> _Exercise data_:

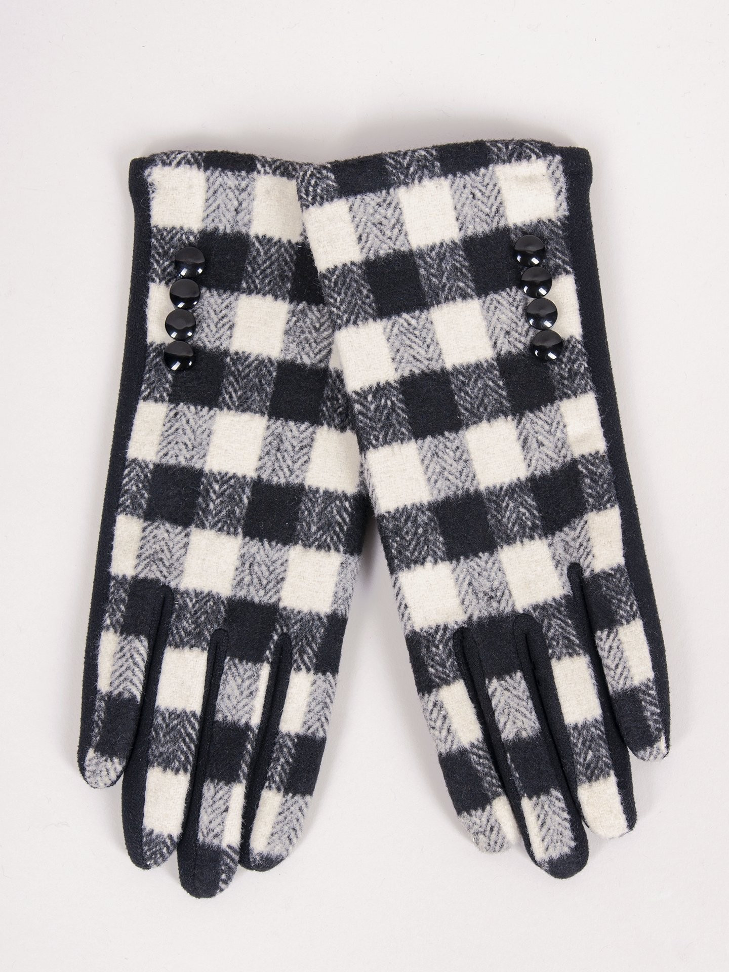 Elegantné, ženské rukavice. v bielej a čiernej farbe. ideálne na každodenný a elegantný štýl. s károvaným vzorom na hornej časti a ozdobnými gombíkmi. materiál vhodný na dotykové ovládanie na končekoch ukazovákov a palcov. pružné na priliehavé nosenie. vnútorná strana polstrovaná mäkkou tkaninou na dotyk. Zloženie materiálu: 90 % polyester, 10 % elastan Category Kolekcia: jeseň/zima Pohlavie: ženské Farba: viacfarebná Pokyny pre starostlivosť: Módny vzor: farebný, farebne odlíšený
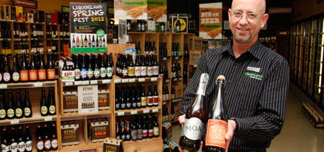 Liquorland manager John Campbell shows two of the beers available for tasting at tonight's craft beer festival.
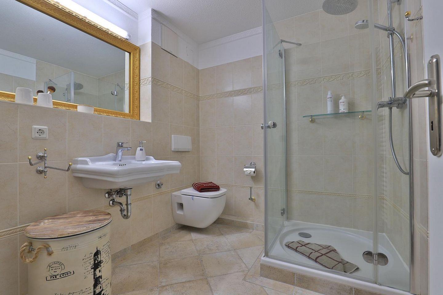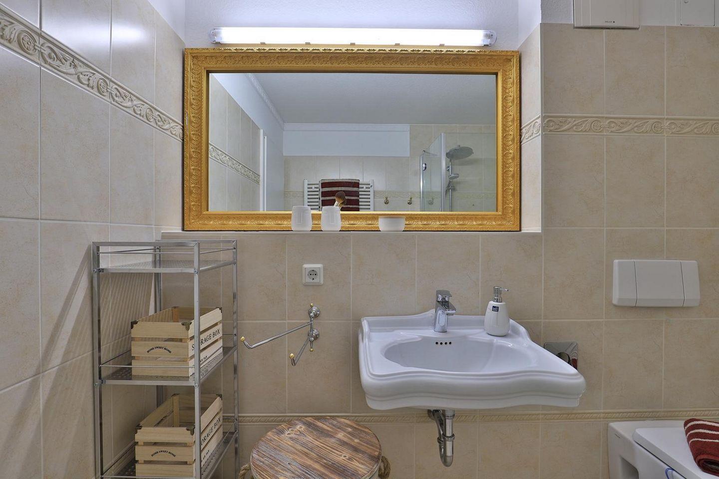 Das Badezimmer ist mit einer Dusche, sowie WC, Waschbecken, Spiegel und Haartrockner ausgestattet.

> _Problem details_: Every line above should be transcribed word for word; leave the pictures out.

> _Response area_:
 Elegantné, ženské rukavice. v bielej a čiernej farbe. ideálne na každodenný a elegantný štýl. s károvaným vzorom na hornej časti a ozdobnými gombíkmi. materiál vhodný na dotykové ovládanie na končekoch ukazovákov a palcov. pružné na priliehavé nosenie. vnútorná strana polstrovaná mäkkou tkaninou na dotyk. Zloženie materiálu: 90 % polyester, 10 % elastan Category Kolekcia: jeseň/zima Pohlavie: ženské Farba: viacfarebná Pokyny pre starostlivosť: Módny vzor: farebný, farebne odlíšený
 Liquorland manager John Campbell shows two of the beers available for tasting at tonight's craft beer festival.
 Das Badezimmer ist mit einer Dusche, sowie WC, Waschbecken, Spiegel und Haartrockner ausgestattet.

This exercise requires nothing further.